Accordingly, this meant that all of the aforementioned programs would be leaving their current conferences in order to join the A-10's new league. The Colonial Athletic Association, which was the former home of UMass men's lacrosse, was also going through a realignment of its own (see CAA section) and planned on bringing in more lacrosse sponsoring institutions to the conference, while the Metro Atlantic Athletic Conference, St. Bonaventure's former home, still sat at 6 members even after the Bonnies' departure. However, the Northeast Conference, former home of Saint Joseph's and Hobart, as well as the Southern Conference, former home of High Point and Richmond, were put in a more trying situation. The NEC, while also losing the aforementioned two programs, was also losing Bryant and Mount St. Mary's, two full NEC members that both sponsored men's lacrosse. Meanwhile, the SoCon was already sitting precariously at 6 men's lacrosse institutions, and simply could not afford to lose any of their members. This left both conferences with only 4 men's lacrosse sponsoring members each, and with no other option available to them, both conferences announced they would stop sponsoring the sport effective with the 2023 season (though the NEC would eventually reinstate the sport in 2024–25). Three of the four lacrosse programs in the NEC (LIU, Sacred Heart, and Wagner) announced they would join the MAAC as men's lacrosse affiliates, while the fourth, Merrimack, ultimately announced it would house its men's lacrosse program in the America East Conference. For the SoCon, VMI announced it too would be joining the MAAC in lacrosse, which was its former home for the sport from 2002 to 2013. Meanwhile, Jacksonville returned to its full-time home of the ASUN Conference, (Note: When the ASUN reestablished its men's lacrosse league for the 2022 season, Jacksonville remained in SoCon men's lacrosse under the terms of an agreement between the ASUN and SoCon.) joined by Mercer as an affiliate, while Hampton, who was poised to join the CAA as a full member in 2022, had already made plans to move its lacrosse program to the conference as well.

=== Horizon League ===
On January 22, 2022, CBSSports.com reported that UIC would leave the Horizon League for the MVC in July. This report was confirmed on January 26 when UIC was unveiled as a new MVC member, effective that July. The Horizon League dropped to 11 members going forward.

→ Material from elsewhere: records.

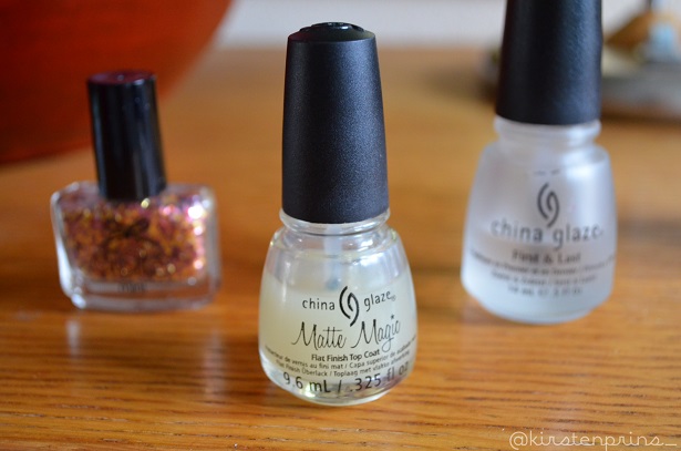 Op een aantal foto’s heb ik deze matte nagellak gebruikt van China Glaze:
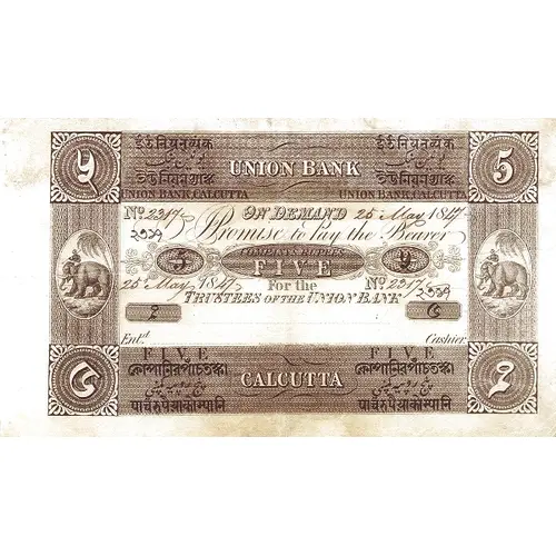 | Obverse lettering | UNION BANK UNION BANK, CALCUTTA ON DEMAND 25 May 1847 Promise to pay the Bearer Company Rupees Five for the Trustees of the Union Bank |
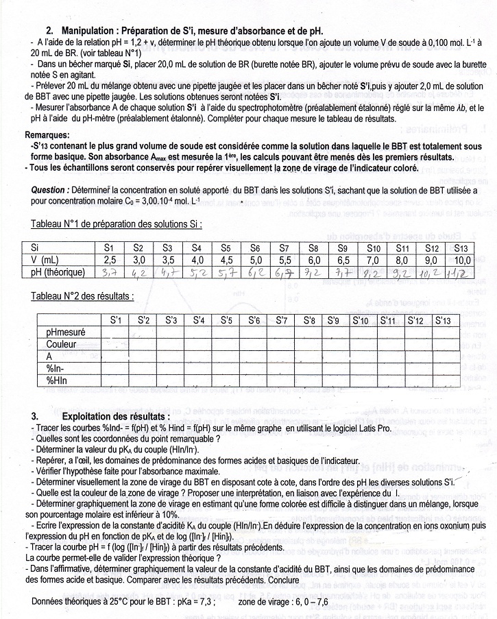 Bonjour j'ai un problème avec la question dans le II : Déterminer la concentration en soluté apporté du BBT dans les solutions S'i, sachant que la solution de BBT utilisée a pour concentration molaire C0=3,00.10^-4 mol/L
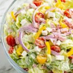 A flavorful and easy Grinder Salad featuring a zesty homemade dressing combined with fresh iceberg lettuce, tangy pepperoncini, savory salami, turkey, and provolone cheese. Perfect for a quick lunch or light dinner.
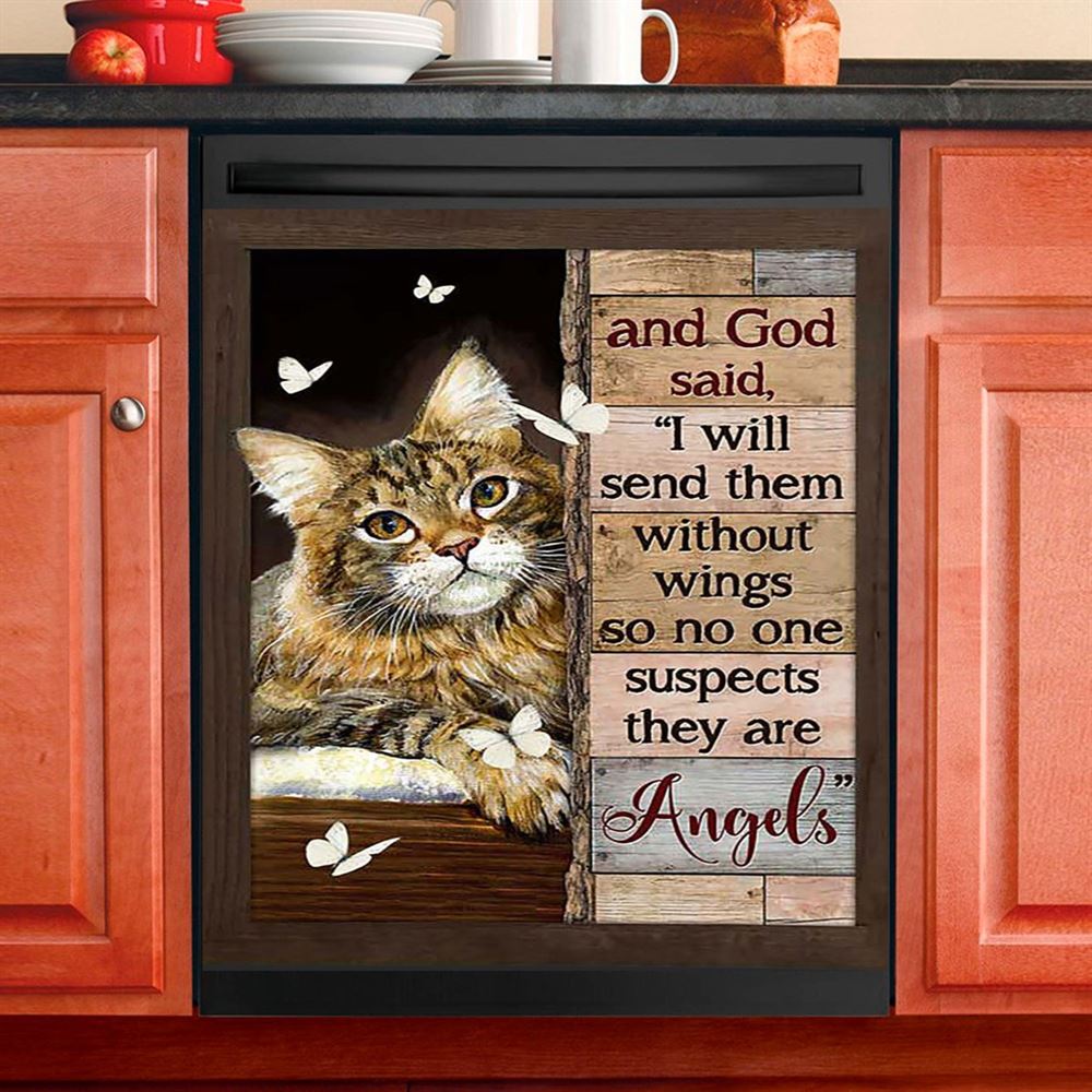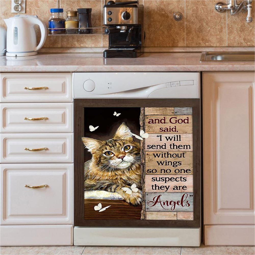 Cat White Butterfly I Will Send Them Without Wings Dishwasher Cover, Christian Dishwasher Magnet Cover, Gift For Cat Lover

On July 6, 2022, the Ohio Valley Conference (OVC) and Horizon League announced their plans to merge their respective men's tennis leagues effective in the 2022–23 academic year, as already noted. OVC members that sponsor the sport, as well as Belmont, which had left the OVC days earlier for the Missouri Valley Conference, now compete as Horizon affiliate members. Chicago State also became an affiliate member in both men's and women's tennis. The Horizon's men's tennis membership expanded to 11 through the 2023–24 season, but after that season dropped to 10 with full OVC member Lindenwood dropping men's tennis along with eight other NCAA sports. It dropped to 8 members for the 2025–26 season with the departure of Chicago State tennis, which joined the rest of the school's sports in the Northeast Conference, and the elimination of the men's tennis program of affiliate Eastern Illinois.

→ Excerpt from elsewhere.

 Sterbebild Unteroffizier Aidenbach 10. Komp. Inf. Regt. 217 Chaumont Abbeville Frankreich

In 2026, Northern Illinois rejoined the Horizon League after a nearly 30-year absence.

===Metro Atlantic Athletic/Metro Conference===

On May 2, 2022, the Metro Atlantic Athletic Conference announced that Mount St. Mary's University would be Monmouth's replacement in the conference starting with the 2022–23 season, maintaining the MAAC's membership at 11 schools.

The MAAC would announce a further expansion in October 2023, with Merrimack and Sacred Heart joining from the NEC in July 2024. This brought the MAAC to its largest-ever membership total of 13.

On May 27, 2026, the conference announced it would rename itself the Metro Conference effective that July 1. (Note: Not to be confused with the Metro Conference that operated from 1975–1995 before merging into Conference USA.) A month later, charter conference member Fairfield announced it would leave the Metro for the CAA in 2027.

===Missouri Valley Conference===

Losing Loyola Chicago, whose men's basketball team had made the Final Four in 2018 and Sweet Sixteen in 2021, was a significant athletic blow to the MVC, but was arguably a larger institutional blow. The Chicago area, especially its suburbs, is a major source of students for many MVC members, and Loyola's departure would leave the conference without a significant presence in the city. (Note: At the time, the MVC had another member in the Chicago area, Valparaiso, but that school is on the eastern fringes of the federally defined Chicago area (as opposed to Loyola being in Chicago proper), and has less than a third of the enrollment of Loyola.) The basketball issue was addressed with the addition of Belmont and Murray State, both frequent contenders for NCAA men's tournament berths, putting the Missouri Valley Conference at 11 members. The issue of a Chicago presence was addressed by entering into negotiations with the city's largest university, UIC. CBSSports.com reported on January 22, 2022, that UIC had indeed been invited and accepted; this move was made official four days later. The conference reportedly reached out to Kansas City of the Summit League for potential membership before this, in addition to UIC, as well as Sun Belt member UT Arlington (which instead rejoined the WAC).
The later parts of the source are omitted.